→ **Task goal**: Every line from the one with "В случае реализации" through the end of the material below, both ends included, should be transcribed exactly, without pictures.

→ **Collected data**:
---+---

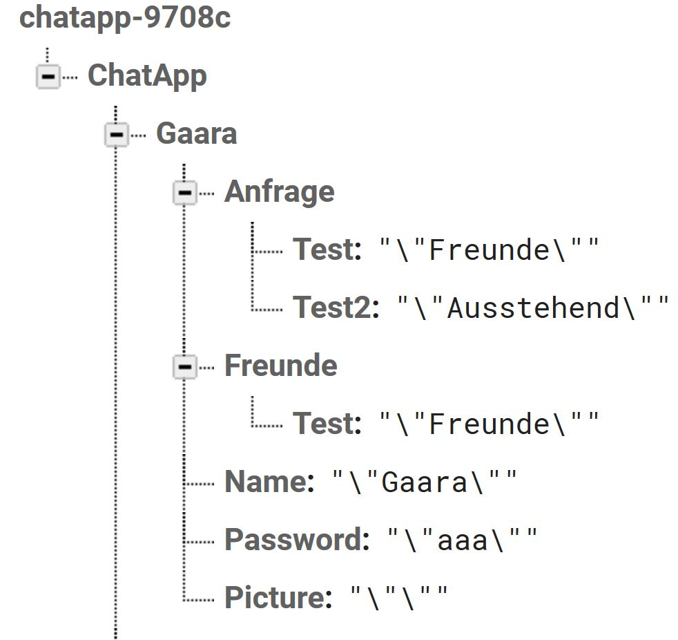 In the picture you have sent, chatapp-9708c is a directory containing sub-directory ChatApp. ChatApp directory contains sub-directories Gaara and …(not seen in picture). Similarly Gaara directory contains sub-directories Anfrage, Fruende, Name, Picture and Password and so on. Hope you are clear with the difference between directory and sub-directory. You can create any directories and sub-directories you want.
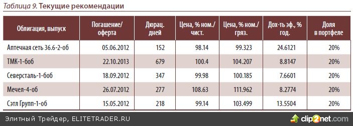 В случае реализации одного из негативных сценариев, таких как суверен- ный дефолт в Еврозоне или банкротство одного из крупных европейских банков, на мировых рынках в очередной раз повторится бегство в безопас- ные активы и отток капитала из развивающихся стран, что приведет к оче- редному ослаблению рубля и росту процентных ставок на российском рын- ке. Несмотря на то, что в базовом сценарии мы не предполагаем реализацию этих рисков в течение квартала, в текущих условиях рекомендуем не брать на себя до- полнительные риски и держаться преимущественно коротких выпусков. Подобной стратегии мы рекомендовали держаться в прошлом квартале, что позволило полу- чить прирост по портфелю на 0.58%, тогда как индекс полной доходности корпора- тивных облигаций MICEX CBI TR снизился на 0.55%. При этом, портфель был сфор- мирован целиком из облигаций 2-го эшелона, которые, на наш взгляд, на момент ре- комендации выглядели интересными с точки зрения соотношения доходности к их кредитному риску, что в итоге оказалось оправданным.
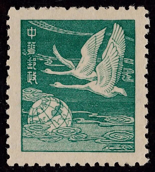 1949年上海大东版飞雁无面值样票一枚,此枚邮票多数被用于加盖改值使用,色彩鲜艳,品像极佳。非常珍罕

---+---

→ **Answer section**:
 В случае реализации одного из негативных сценариев, таких как суверен- ный дефолт в Еврозоне или банкротство одного из крупных европейских банков, на мировых рынках в очередной раз повторится бегство в безопас- ные активы и отток капитала из развивающихся стран, что приведет к оче- редному ослаблению рубля и росту процентных ставок на российском рын- ке. Несмотря на то, что в базовом сценарии мы не предполагаем реализацию этих рисков в течение квартала, в текущих условиях рекомендуем не брать на себя до- полнительные риски и держаться преимущественно коротких выпусков. Подобной стратегии мы рекомендовали держаться в прошлом квартале, что позволило полу- чить прирост по портфелю на 0.58%, тогда как индекс полной доходности корпора- тивных облигаций MICEX CBI TR снизился на 0.55%. При этом, портфель был сфор- мирован целиком из облигаций 2-го эшелона, которые, на наш взгляд, на момент ре- комендации выглядели интересными с точки зрения соотношения доходности к их кредитному риску, что в итоге оказалось оправданным.
 1949年上海大东版飞雁无面值样票一枚,此枚邮票多数被用于加盖改值使用,色彩鲜艳,品像极佳。非常珍罕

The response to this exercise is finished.